“Historical context and use of the symbol as a harbinger of violence and murder is at issue here,” Hillsborough resident Katherine Walker tells the Orange County Schools Board of Education Monday, April 24, 2017. Walker, who has three children in Orange County Schools, also held up blue and red bandanas, which have been associated with gangs, and a swastika as examples of “disruptive, violent” symbols that schools have banned. Mark Schultz mschultz@newsobserver.com
“Historical context and use of the symbol as a harbinger of violence and murder is at issue here,” Hillsborough resident Katherine Walker tells the Orange County Schools Board of Education Monday, April 24, 2017. Walker, who has three children in Orange County Schools, also held up blue and red bandanas, which have been associated with gangs, and a swastika as examples of “disruptive, violent” symbols that schools have banned. Mark Schultz mschultz@newsobserver.com

Orange County

Group continues push to ban Confederate flag in Orange County Schools

By Mark Schultz

mschultz@newsobserver.com

April 25, 2017 10:39 AM

UPDATED April 26, 2017 04:44 PM

HILLSBOROUGH

The Confederate flag unfurled at the Orange County school board meeting Monday night as students, parents and clergy continued their push to ban the flag on school grounds.
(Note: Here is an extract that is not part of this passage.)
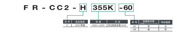 | FR-F842-09620-2-60/500KW | 500KW | 962 | 450KW | 866 | 243 | FR-F840-06830-2-60/315KW | 355KW | 683 | 315KW | 610 | 166 | |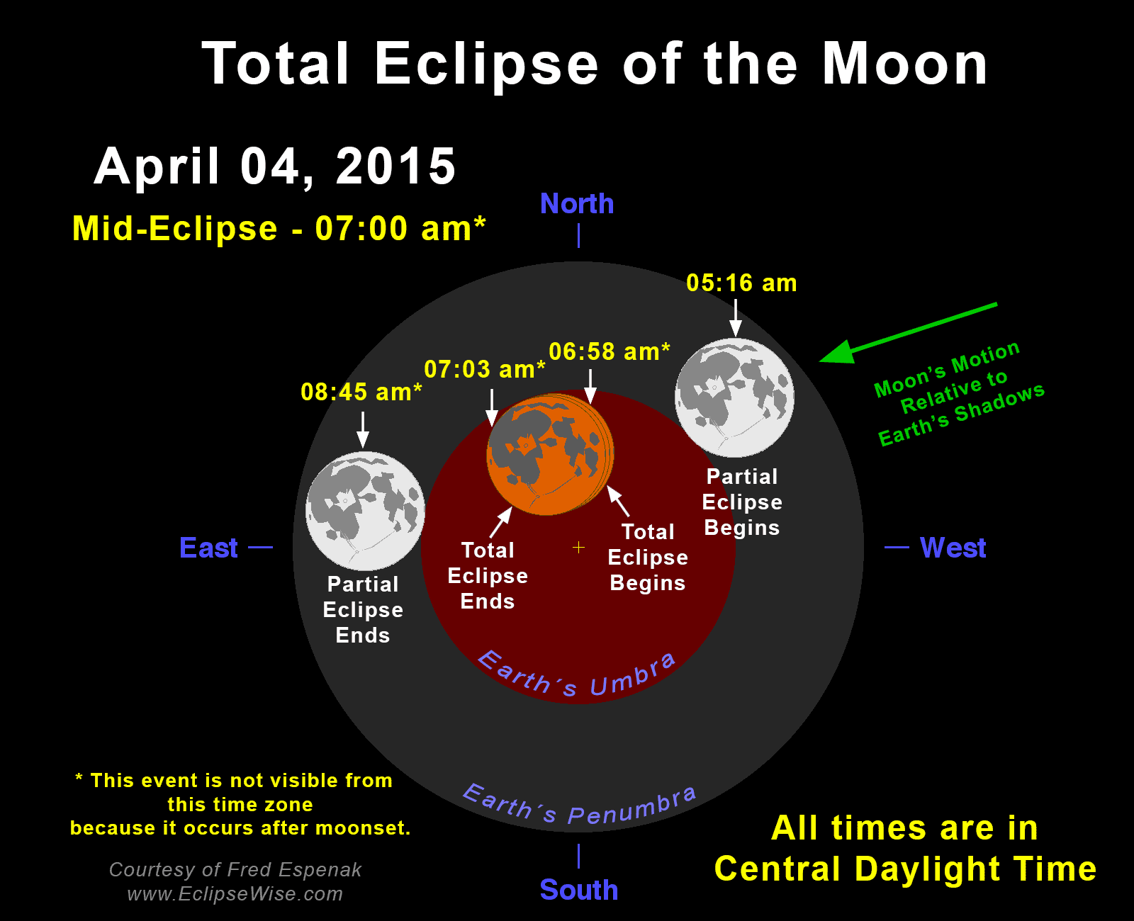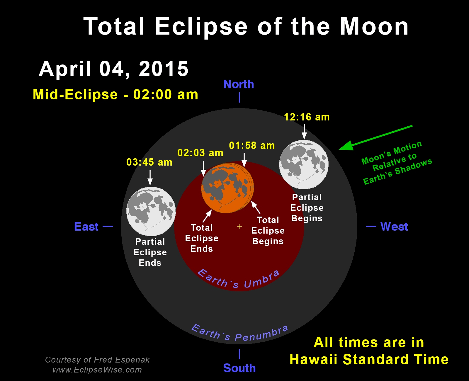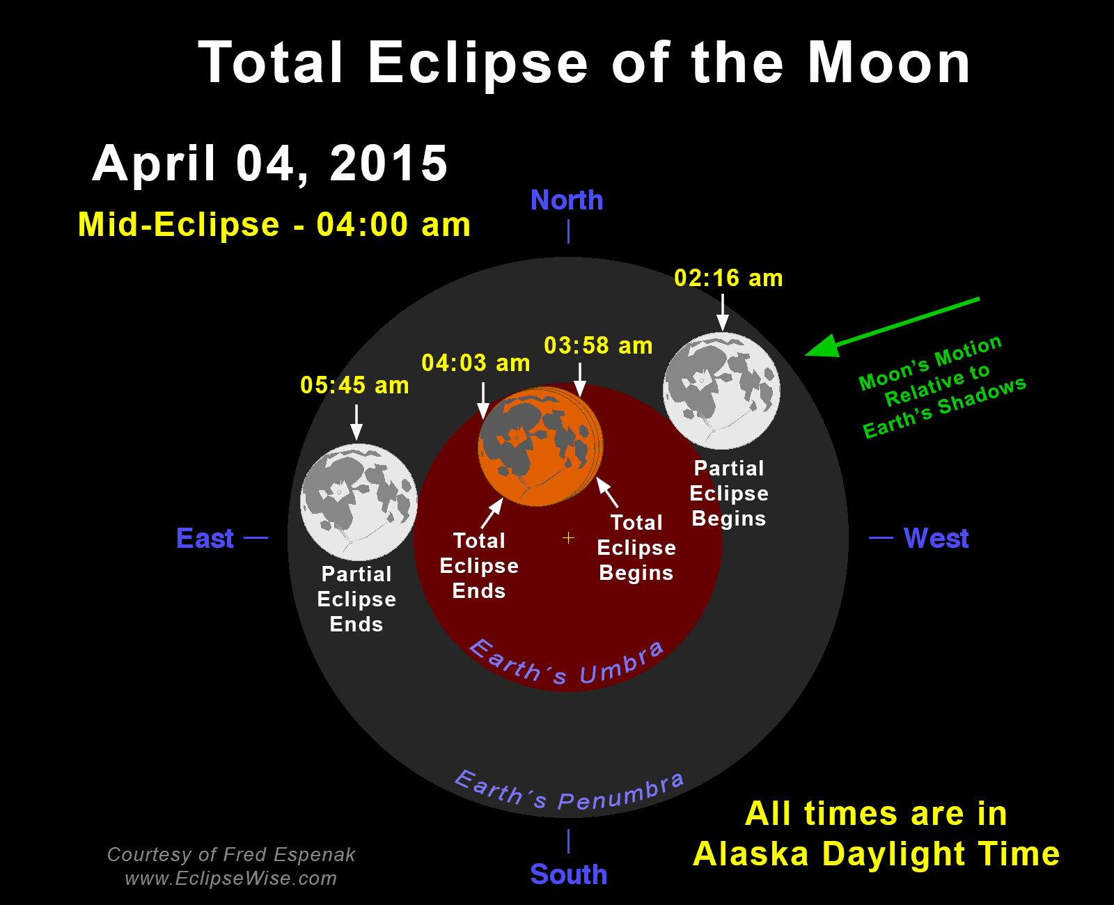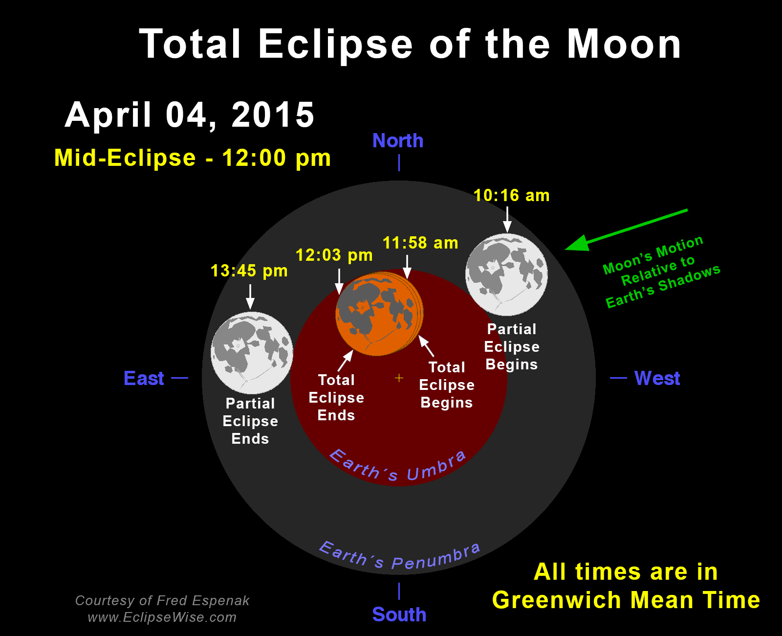 The diagrams above of the Total Lunar Eclipse of April 4, 2015 by Fred Espenak, www.EclipseWise.com are licensed under a Creative Commons Attribution-NonCommercial-NoDerivs 3.0 Unported License.

The Board of Education did not directly respond to any of the two dozen speakers, including two who displayed the Confederate battle flag at the podium and one who opposed the proposed ban.

Instead, Superintendent Todd Wirt announced the formation of an Orange County Schools equity committee, first announced in February, which will study the flag and other issues. The group’s first meeting is 6 p.m. May 3 at Efland-Cheeks Global Elementary School.

After Monday’s meeting, the debate continued in the lobby as Latarndra Strong, a founder of the Hate-Free Schools Coalition, introduced herself to James Ward, the speaker who said he felt like the “Lone Ranger,” when he rose to defend the flag.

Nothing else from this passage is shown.